To do: Omit all pictures and transcribe only the lines in the entries below that run from the line with "Gần 100 năm" through the line with "Mapa de la actividad".

======

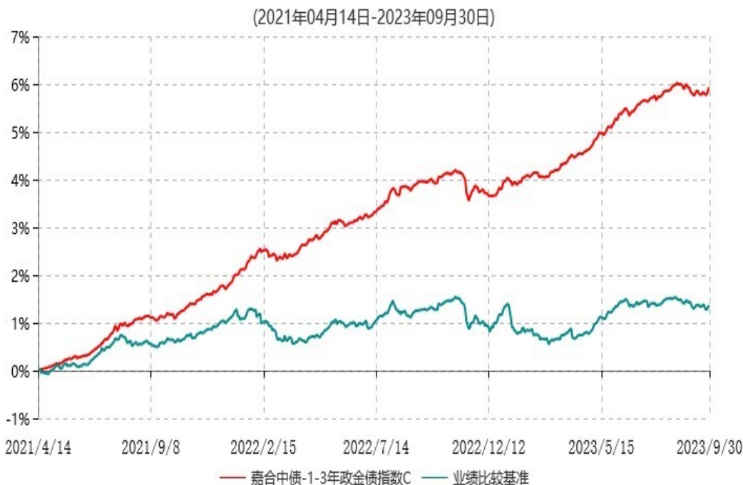
嘉合中债-1-3年政金债指数C累计净值增长率与业绩比较基准收益率历史走势对比图
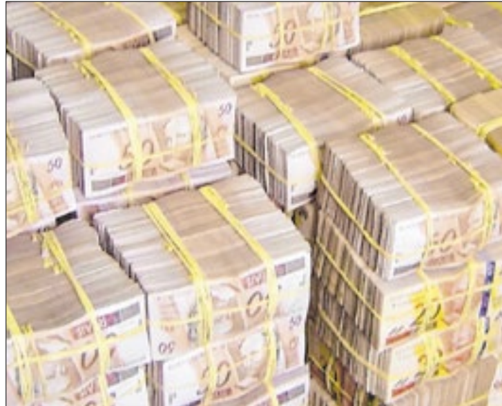
Só os três maiores bancos lucraram R$ 78 bi em 2024

Os três maiores bancos privados do país encerraram 2024 com lucro líquido de R$ 74,8 bilhões, um crescimento de 22,1% em relação a 2023, de acordo com dados compilados pelo Estadão/Broadcast. Os resultados foram alavancados pelo crescimento do crédito, um cenário que deve mudar em 2025. Com a previsão de juros em alta e economia em desaceleração, os bancos esperam colocar o pé no freio.
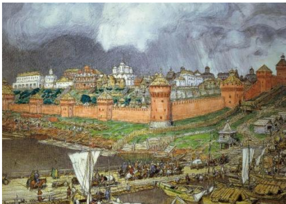
Рисунок 3 – Московский Кремль при Иване III. Художник А.М.Васнецов. 1921 г.

Как носитель психологии Ренессанса итальянский архитектор не был скован средневековой сакральностью, отошел от догматизма, тогда как Россия все еще была погружена в оторванную от жизни и практики религиозную схоластику с ее туманными кружениями на одном месте и бесплодными умствованиями.
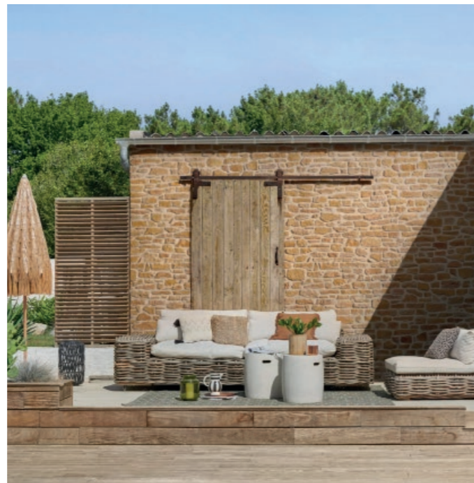
Parement CAUSSE ton beige doré
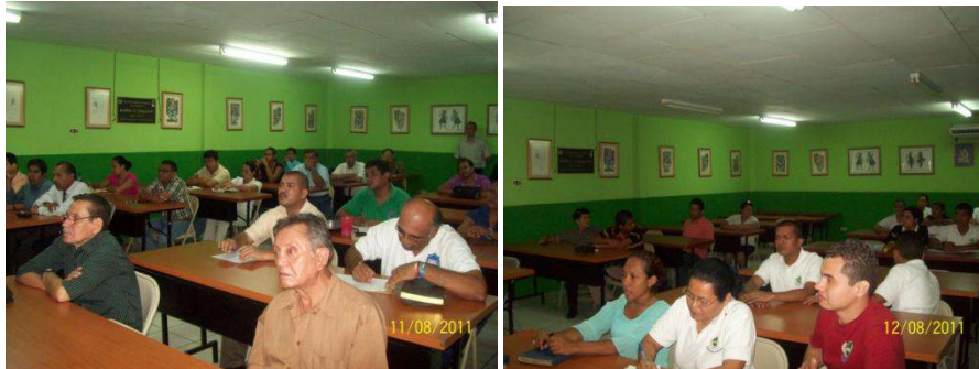
Docentes y personal administrativo del Recinto Central Participando en charlas de sensibilización del proceso de Autoevaluación UCN. Septiembre 2011
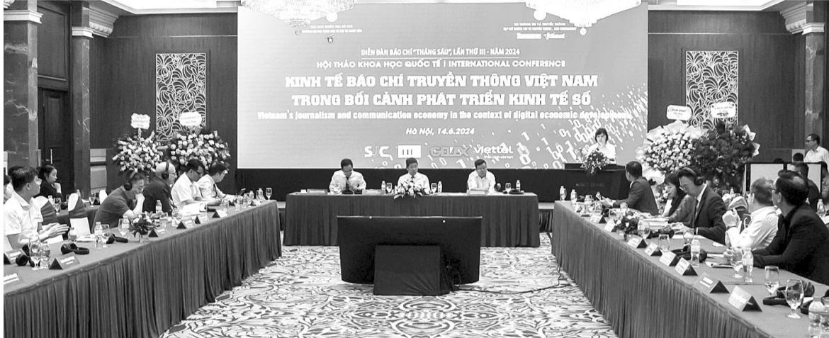
● Hội thảo quốc tế với chủ đề “Kinh tế báo chí truyền thông Việt Nam trong bối cảnh phát triển kinh tế số” diễn ra vào ngày 14/6/2024.

Gần 100 năm qua, báo chí cách mạng Việt Nam đã có những đóng góp tích cực vào sự nghiệp cách mạng của dân tộc. Bước vào giai đoạn phát triển mới, đứng trước nhiều thách thức của thời đại công nghệ 4.0 và xu hướng “thương mại hóa” báo chí, báo chí Việt Nam cần có những giải pháp phù hợp để không chỉ nâng cao hiệu quả hoạt động, phát huy truyền thống vẻ vang, mà còn luôn xứng đáng là lực lượng xung kích trên mặt trận tư tưởng - văn hóa của Đảng.
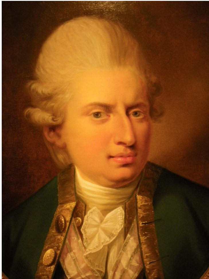
Johann Friedrich Struensee 1

”Den tyske præstesøn og læge Johann Friedrich Struensee er både hjemme og i utlandet den kendeste skikkelse i 1700-tallets Danmark. Trods alt hvad der er skrevet om ham, er han i midlertidig forblevet en gåde, en historisk skikkelse, som skiftende generationer har set og tolket ud fra egne normer og idealer.” 2
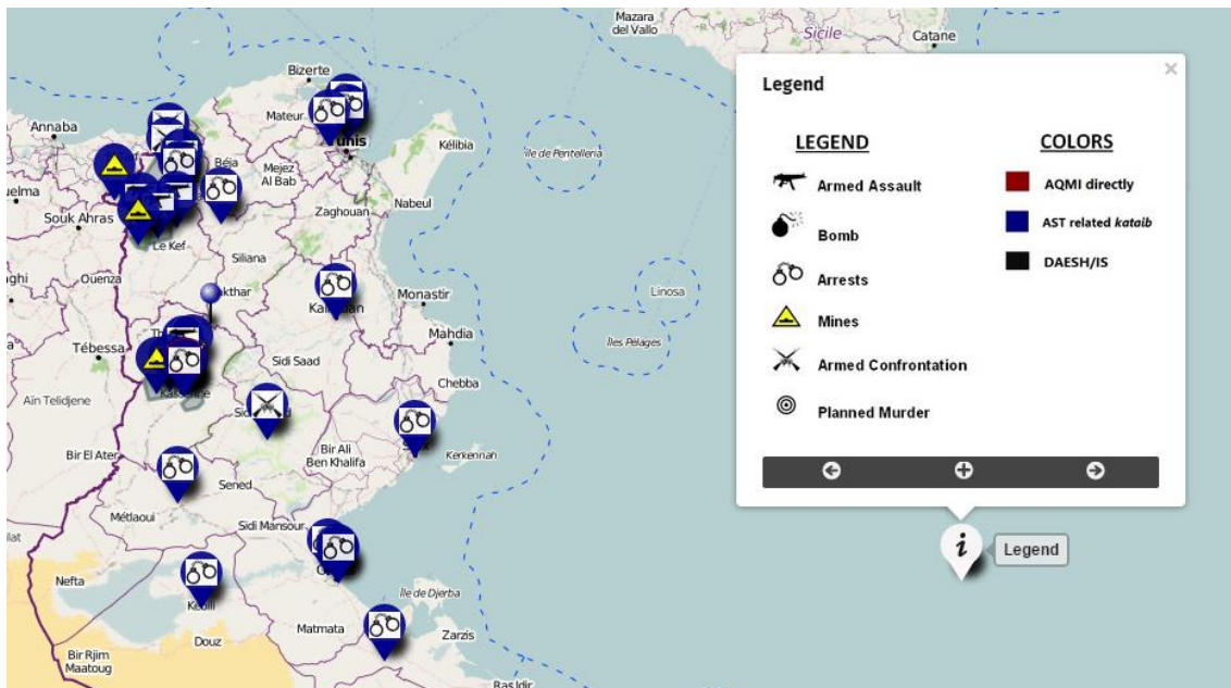
Mapa de la actividad terrorista registrada en Túnez durante 2014 (Versión interactiva disponible para su consulta en http://u.osmfr.org/m/19233/ . Créditos del Mapa: Sergio Altuna Galán)

Si 2012 se cerraba con un incremento de la violencia, 2013 cambiaría por completo el panorama de la seguridad nacional; pese a que en ningún momento quedan patentes los lazos de unión entre los actos terroristas perpetrados en Túnez y Ansar al-Sharia –ya fuesen estos perpetrados por individuos aparentemente independientes o pertenecientes a la katiba Oqba Ibn Nefaa o a la katiba Abubakkar as-Sadiq, esta última ya desarticulada 14 comienzan a ser evidentes los indicios que apuntan a una relación directa con AQMI. 15 A lo largo de 2013, la actividad terrorista aumenta exponencialmente. Ya en febrero, Abu Iyadh comienza a dejar claras sus intenciones a través de un comunicado en el que pide expresamente a los tunecinos que dejen de viajar a Siria y que permanezcan en Túnez para llevar a cabo una yihad pacífica. AQMI se haría eco de este comunicado un mes más tarde haciendo suyas las palabras de Abu Iyadh e instando a los tunecinos a quedarse para combatir el secularismo dentro de sus fronteras. Parece evidente que mantener futuros elementos útiles para poner en marcha la yihad en territorio nacional se convierte en una prioridad. Poco más tarde, ya en abril, explotan las primeras minas en Jebel Shaambi, macizo montañoso más elevado de la geografía del país y lugar en el que tiene su base de
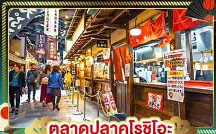
ตลาดปลาคุโรชิโอะ
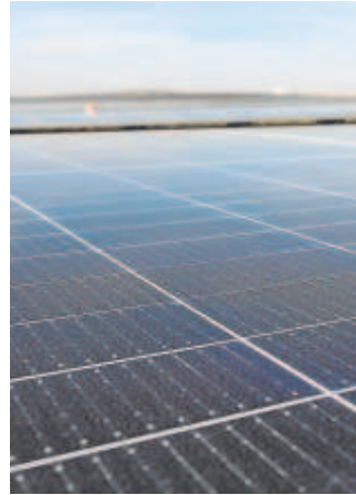
Plantas fotovoltaicas

También trazó buenas expectativas para el sector aeronáutico andaluz. Según adelantó, el gigante aeronáutico británico BAE System tiene interés
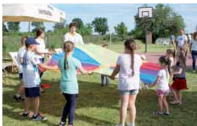
Dzieci bawiły się m.in. kolorową matą animacyjną.
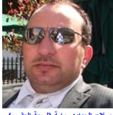
صلاح الحداد: رواية (تسعة المغرب) الحلقة السابعة
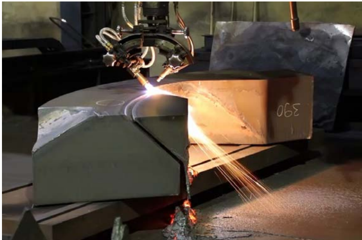
Bild 7: Angesichts der vorgegebenen engen Toleranzen bei dieser Blechdicke waren die geforderten Schnittschräge und -qualität dieser Fasen hohe Kunst.
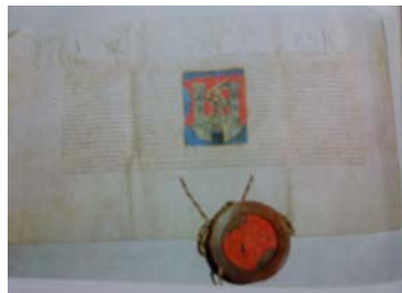
Obr:3. Tzv. znaková listina z 28. 6 1481 (x)
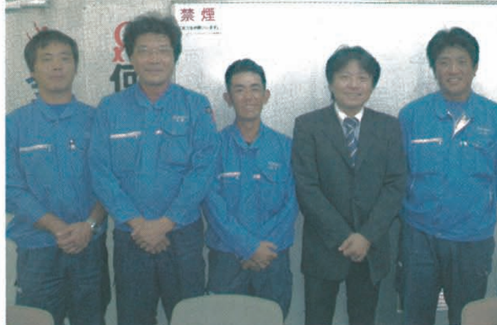
永山社長(右から2番目)と講師陣

受講生の募集期間は25日から11月11日まで、訓練期間は12月1日から23年5月27日まで。訓練場所は、大阪府市平野区瓜破3-3-67。問い合わせは、電話072(650)1011番(担当=大野氏・三好氏)まで。同社のHPは、 http://www.nissho-ngk.com/ (山田克明)

======

Exercise result:
Gần 100 năm qua, báo chí cách mạng Việt Nam đã có những đóng góp tích cực vào sự nghiệp cách mạng của dân tộc. Bước vào giai đoạn phát triển mới, đứng trước nhiều thách thức của thời đại công nghệ 4.0 và xu hướng “thương mại hóa” báo chí, báo chí Việt Nam cần có những giải pháp phù hợp để không chỉ nâng cao hiệu quả hoạt động, phát huy truyền thống vẻ vang, mà còn luôn xứng đáng là lực lượng xung kích trên mặt trận tư tưởng - văn hóa của Đảng.
Johann Friedrich Struensee 1

”Den tyske præstesøn og læge Johann Friedrich Struensee er både hjemme og i utlandet den kendeste skikkelse i 1700-tallets Danmark. Trods alt hvad der er skrevet om ham, er han i midlertidig forblevet en gåde, en historisk skikkelse, som skiftende generationer har set og tolket ud fra egne normer og idealer.” 2
Mapa de la actividad terrorista registrada en Túnez durante 2014 (Versión interactiva disponible para su consulta en http://u.osmfr.org/m/19233/ . Créditos del Mapa: Sergio Altuna Galán)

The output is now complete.